High Fidelity Pure Audio was launched by Universal last year as the new high quality way to listen to albums. You can play these on Blu-ray, so you will need a good speaker set-up to benefit. For those music fans that have lived through all the new-improved formats, the message here is nothing new. Ironically, the increased access to music that downloading has introduced has also come at a price, with the automatic loss of quality, through compression. Only time will tell if this proves to be 2014's CD (which transformed music buying) or MiniDisc (which didn't!).

However Genesis fans are a perfect, slightly geeky, bunch to try this on. Offering superb clarity for one of the band's best loved albums will mean a certain amount of commercial success. And you certainly have a better listening experience than on MP3.
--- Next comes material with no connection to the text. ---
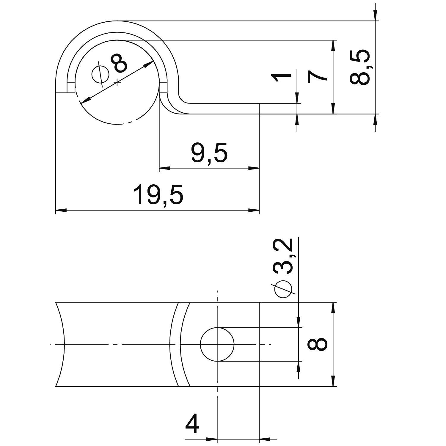 CO2 Footprint (GWP) Cradle-to-Gate 0,004 kg CO2e / 1 Piece Dimension 8mm Dimension A 4 mm Dimension b 8 mm Dimension D 8 mm Dimension d 3,2 mm Dimension H 7 mm Dimension L 9,5 mm Dimension t 1 mm Distance to the wall no Fastening type Screw hole For diameter 8 Halogen-free yes Height 8,5 mm Hole size 3,2 mm Length 19,5 mm Material Steel Material thickness 1 mm Nominal diameter 8 mm Number of cables/pipes 1 Plastic-covered no Suitable in fire protection area no Surface Electrogalvanized, transparently passivated UV-resistant yes Version for Single-lobe Width 8 mm - All types
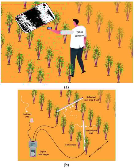 (a) Representative figure of measuring canopy coverage in a sugarcane field. (b) Representative figure of measuring light interception in a sugarcane field.

As for the album itself, it shows Genesis at their folky-prog rock best, highlighting Peter Gabriel's wonderful vocal and the intricate musical structures. The opening track's title - Dancing With The Moonlit Knight - tells you all you need to know. It couldn't be more 1973 if it tried. The excesses and indulgences of the era produced some over-blown, awful albums with wonderful covers. Here there is just the right balance between over-indulgence and musical merit. Firth of Fifth and The Cinema Show are particularly impressive still - and everyone gets a chance to shine across the eight tracks (even Phil Collins gets an early singing credit on More Fool Me).

With Pink Floyd producing Dark Side of the Moon at the same time, this album has been overshadowed over the years - but it deserves its place amongst the exhibits that defend prog-rock's bad image.